The draft strategy also proposes Canada expand its Sovereign Technology Alliance, which it launched in February with Germany, to "enable secure and interoperable AI capabilities and open procurement opportunities for domestic champions."
Data, which is described in the draft strategy as a "strategic national asset," is also given attention and resources.
The official said Canada's data sovereignty is expected to be on a spectrum, with some data being completely controlled by Canada, and with "hyperscalers" including large American companies being able to operate in Canada as well.
Key actions on data include building a new secure national data platform as a public resource for Canadian innovators and launch a Health Sector Data Space, which will "link secure, private and standardized datasets to strengthen clinical trials, health services research and performance measurements."

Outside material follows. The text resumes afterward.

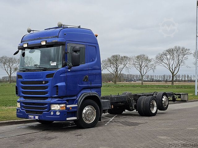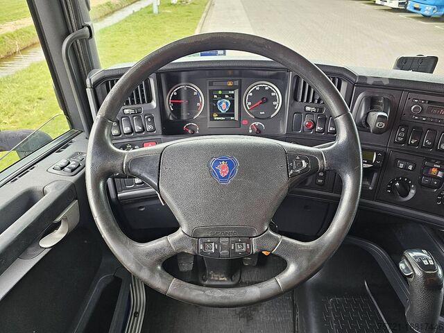 Number of axles: 3, Configuration: 6x2, Curb weight: 17,890 kg, Gross weight: 27,600 kg, Total fuel tank capacity: 400 litres, Trailer coupling, King pin diameter: 40 DIN, Chassis height: 93 cm, Number of differential locks: 1, Alloy wheels, Suspension type: full air suspension, Cruise control, Tachograph (control device), Digital tachograph, Air conditioning, Stationary air conditioning, Auxiliary heater, Colour: Blue, Engine power: 324 kW (434 HP), Euro standard: 5, Transmission type: manual, Gears: 12, Clutch pedal, Auxiliary braking system, Retarder brand: Scania, Power steering, ABS, ASR, PTO (Power Take-Off)
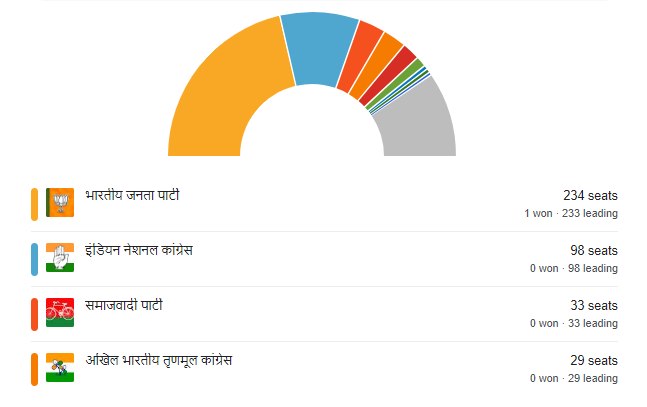कन्नौज से अखिलेश यादव बढ़त बनाए हुए हैं। जबकि आजमगढ़ से निरहुआ पीछे चल रहे हैं। धर्मेंद्र यादव आगे चल रहे हैं। वहीं सैफई सीट से सपा प्रत्याशी डिम्पल यादव आगे चल रही हैं। चुनाव आयोग के शुरुआती रुझानों के अनुसार, भाजपा 238 सीटों पर आगे चल रही है, कांग्रेस 96 सीट पर आगे चल रही है।

Under the sovereignty pillar is also Canada's plan to attract and retain talent. The document says the federal government will invest hundreds of millions to strengthen Canada's network of national AI institutes and increase the number of Canada CIFAR AI Chairs from 130 to nearly 200 researchers.
Ottawa also plans to expand its Global Talent Stream permit program to accelerate entry of highly skilled AI workers and "align measures for permanent residency to retain the talent Canada recruits."